Yesterday was a bad day. I won’t go into it but you know a bad day is bad when getting a ticket doesn’t make it worse.
In good news I think I had such a bad day yesterday so that today could be so great. Like a giant karmic scale balancing itself.
(Although if that’s true I’m kinda glad I didn’t win the lottery today or there might have been an earthquake or zombie uprising yesterday to balance it out. And while I’d still enjoy the lottery winnings I’d feel a bit bad for the people being turned into the horde because the Universe was doing me a favour.)
The real point though is today was a good day.
- I was productive at work.
- A friend asked me for advice on how to get into the Communications field (totally means you’ve arrived when people want to be you). And.
- I got free yoghourt on the way home.
(Before you judge I didn’t just find it on the street. Mmmmm street yoghourt. Liberté was handing out samples of their new flavours. Probably with the intent of wooing new customers. Sucks to be them I was already a customer and I still took a sample. Mwaaaahahhaha. This may be why bad things happen to me. Sorry.)
Yoghourt aside, the best part of my day was that I finally got off the procrastination train (it never leaves the station) and wrote. It wasn’t Riveted but it was good productive time. Yay me!
Writing Exercise:
The project I wrote today was the beginnings of a graphic novel. It’s a new experience for me, but I’m stretching myself because the story idea suited a graphic novel and there is potential interest in publishing the story.
When I sat down to write I had a little difficulty getting started. I’m not an amazing artist so at first I thought I’d just write the text and work with an artist on the visuals later. That plan failed.
I put pen on paper but I couldn’t get the story to develop. I realized that with graphic novels the pictures really do tell at least half of the story. Of course I couldn’t write the story without the images, but I didn’t need to draw them I needed to imagine them.
Rather than thinking the story through and writing it down in words I had to write down the pictures. I imagined myself looking at the novel. I imagined the flashes of hands and rooms and facial expressions that would add meaning to my words and all of a sudden the text came and I could write. I knew where I wanted the story go so I let my mind go there and documented what I “saw” along the way.

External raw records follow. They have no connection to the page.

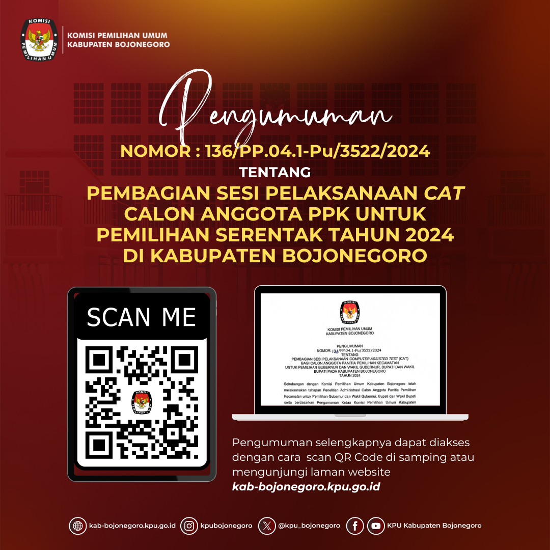Pengumuman Pembagian Sesi Pelaksanaan Computer Assisted Test (CAT) bagi Calon Anggota Panitia Pemilihan Kecamatan (PPK) untuk Pemilihan Gubernur dan Wakil Gubernur serta Bupati dan Wakil Bupati pada Kabupaten Bojonegoro Tahun 2024
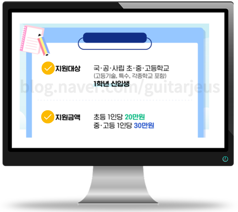 초등학생에게는 1인당 20만 원, 중고등학생에게는 1인당 30만 원을 지원합니다.
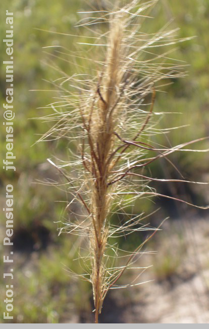 Plantas perennes, de (20-)50-90 cm de alto; cañas simples; vainas estriadas, glabras o con los márgenes cortamente pilosos hacia la porción distal, más cortas o más largas que los entrenudos; cuello de las vainas glabro; lóbulos de las vainas pilosos, con algunos pelos hialinos hasta de 4 mm de largo; lígulas pestañosas de 0,5-1 mm de largo; láminas de 8-40 cm x 0,5-2,5 mm, lineares, acuminadas, flexuosas, curvadas o circinadas, convolutas, a menudo planas hacia la base, cara abaxial escabriúscula, cara adaxial escabriúscula a escabrosa con algunos pelos hialinos hasta de 5 mm de largo cerca de la zona ligular. Inflorescencias de 12-25 x 3-6 cm incluídas las aristas, lineares, contraídas, con las ramificaciones ascendentes y arrimadas al raquis; raquis escabriúsculo, a veces glabro hacia la porción basal; ramificaciones y pedicelos escabriúsculos; glumas desiguales o subiguales en la misma panoja, 1-nervias, ápice agudo, acuminado o con arístula de 1-2,5 mm de largo; gluma inferior de 8-13 mm de largo, escabrosa sobre la quilla; gluma superior de 7-10(-12) mm de largo, glabra; lemma de 8,5-12,5 mm de largo, con o sin un apéndice hialino apical ca. 0,4 mm de largo, los márgenes involutos determinando un surco longitudinal ventral, escabriúscula en los ? superiores; callo de 0,5-0,7(-0,9) mm de largo, barbado, obtuso; aristas de 2,2-3,8(-4,2) cm, capiláceas, escabriúsculas, la central un poco más larga que las laterales, algo aplanadas y curvadas en la base, luego rectas y divergentes; pálea de 1-1,2 mm de largo, membranácea, hialina, con surco ventral, ápice brevemente 2-denticulado; lodículas 2, de 1,3-1,5 mm de largo, membranáceas, hialinas, ápice entero agudo; estambres 3, anteras de 1,7-2,2 mm de largo; cariopsis de 8-8,5 mm de largo, castaña, fusiforme, surco ventral, hilo linear recto, ventral, tan largo como la cariopsis, embrión más o menos ¼ del largo de la cariopsis.
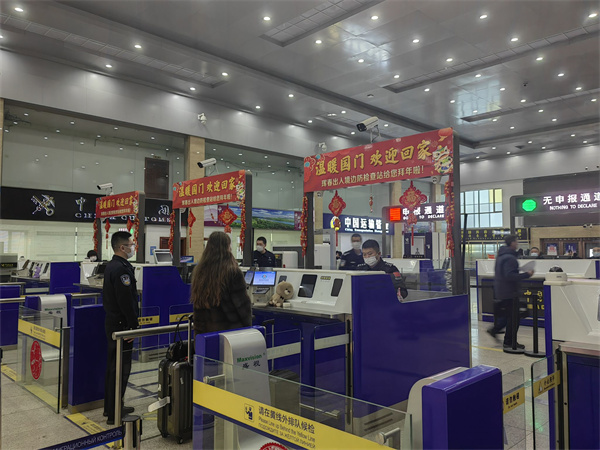 当天执勤的珲春出入境边防检查站执勤一队民警马光介绍,该站在全力保障旅客顺畅通关的同时,还专门成立了“边检送福小分队”,将具有中国传统特色的“红灯笼”“中国结”“灵蛇玩偶”等新春饰品和温馨祝福送到旅客的手上,让广大出入境人员特别是归国返乡人员感受到祖国大家庭的温暖,进一步展现珲春边检站移民管理队伍“公正、专业、友好、文明”的新形象。
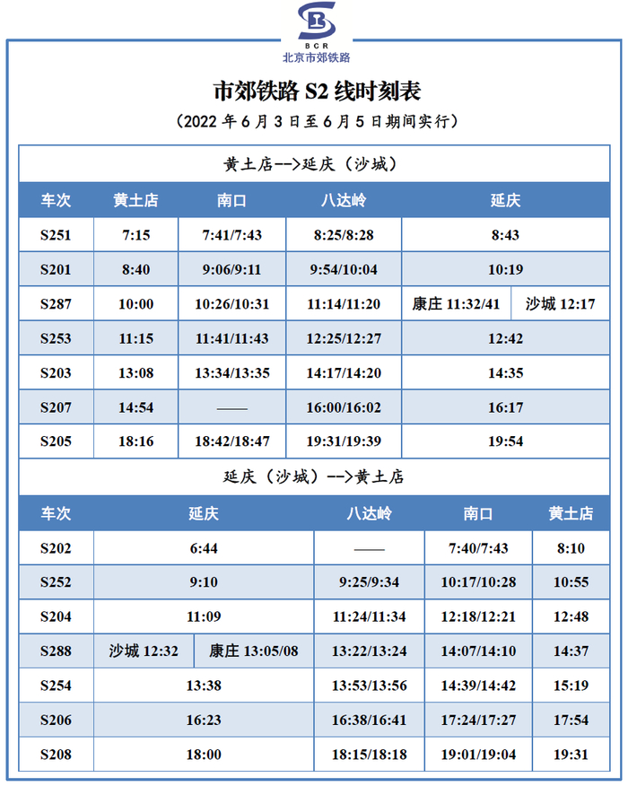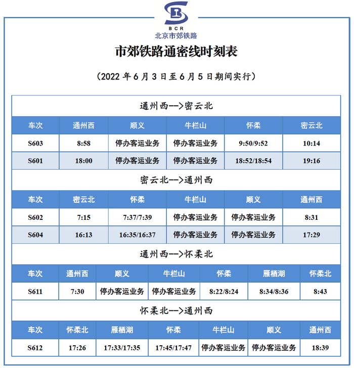 6月6日起,上述三线继续恢复至目前执行的开行方案,即怀柔-密云线4对/日,通密线2对/日,S2线3对/日。
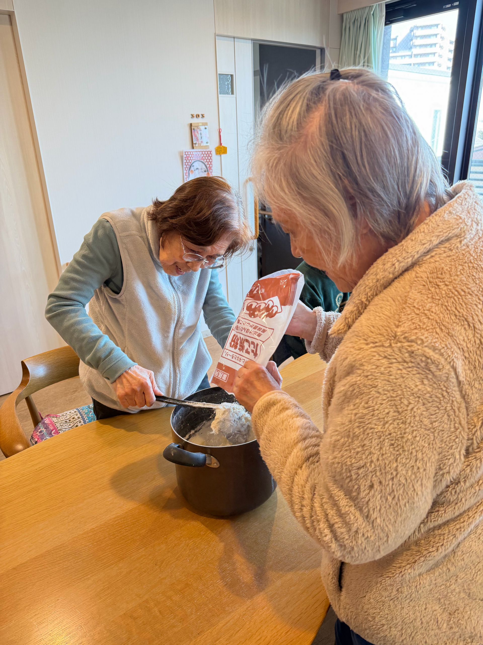 みんなで協力して生地作り!✊

Today, give thinking in pictures a try. Think of a scene you’ve wanted to write. Who’s in the scene? Where are they? What in the environment would give you clues about the story. Don’t try to write just let yourself see and as flashes of images revel themselves to you begin to write down what you see. After five minutes read what you’ve created and try to fit a story into those pictures.
Happy writing.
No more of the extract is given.